Ogier increased speed to 25 knots. He wanted room to fight, if he needed it. He took his ship east, then southeast on a heading of 150°. At 4:00 P.M. what appeared to be one enemy contact separated to become three, exceeding 30 knots and aiming straight for the destroyer.
They had to be P-4’s. Each carried two torpedoes and automatic cannon, both lethal to the Maddox ’s thin hull. Ogier told Boatswain’s Mate Paul Bond, “Sound general quarters.”
Bond’s gravelly voice boomed over the public-address system: “Now general quarters—general quarters—All hands man your battle stations—This is not a drill—Repeat, this is not a drill.” Next came the GQ alarm. Men flew through doorways and hatches, up or down ladders. Some went to guns forward or aft, others to torpedo or depth-charge launchers. Once there they donned helmets and flak jackets.
Buehler and Bayley raced to the bridge to take over as officer of the deck (OOD) and junior officer of the deck (JOOD).
Ogier picked up the microphone and told the crew the Maddox would fire warning shots. “If they continue to close after this, we will fire for effect. If each man does his job as well as he has in training procedures, we should not encounter any difficulties. That is all.”
The noise down in the boiler rooms made it nearly impossible to hear this. Fireman Dave Lambo was on a catwalk above the boilers when he noticed his section leader, Boiler Tender First Class Bob Waugh, waving at him. Lambo yelled, “’What the hell are you saying?’ And Waugh said, ’You gotta get down! We’re being attacked!’ I said, ’By who?’ He says, The North Vietnamese!’ And I said, ’Who the f— are the North Vietnamese? Why are they attacking us?’”

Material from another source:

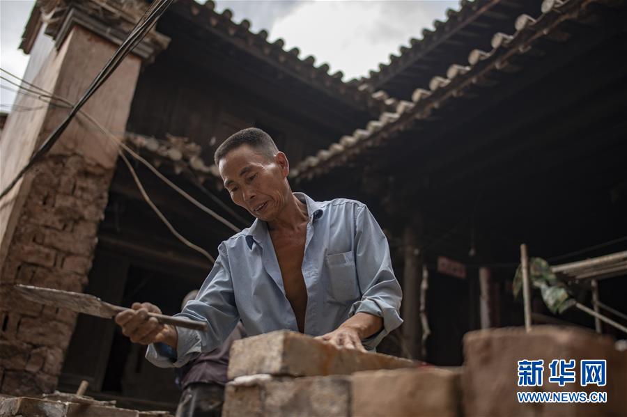 工人王建雄在修繕石屏縣異龍鎮(zhèn)符家營(yíng)村189號(hào)民居的圍墻(8月8日攝)。新華社記者江文耀攝
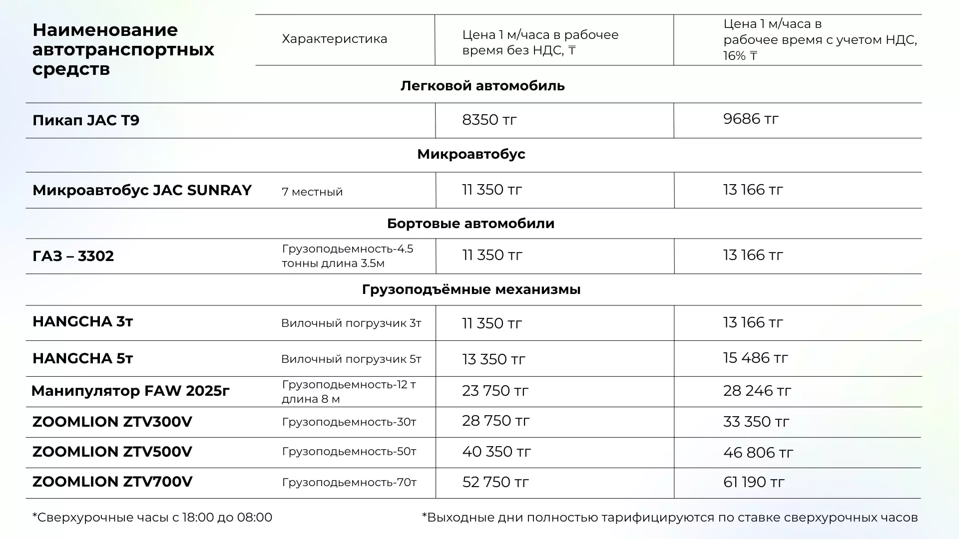 Стоимость аренды включает работу техники с опытным оператором и топливо. Дополнительные услуги обсуждаются индивидуально.

Commodore Herrick and Commander Jackson went aft to the Combat Information Center. Herrick radioed Jehovah and requested air support. Task Force 77’s commander, Adm. Robert Moore, sent four F-8E Crusader jets to fly to Sinbad’s aid. Then Moore ordered the destroyer Turner Joy , on radar picket duty southwest of Hainan, to head north to join the Maddox .
Ogier and Buehler scrutinized the boats and discussed the maximum range for a torpedo launch. Ogier then called the CIC. If the boats closed to 10,000 yards, he wanted permission to open fire. Herrick gave it.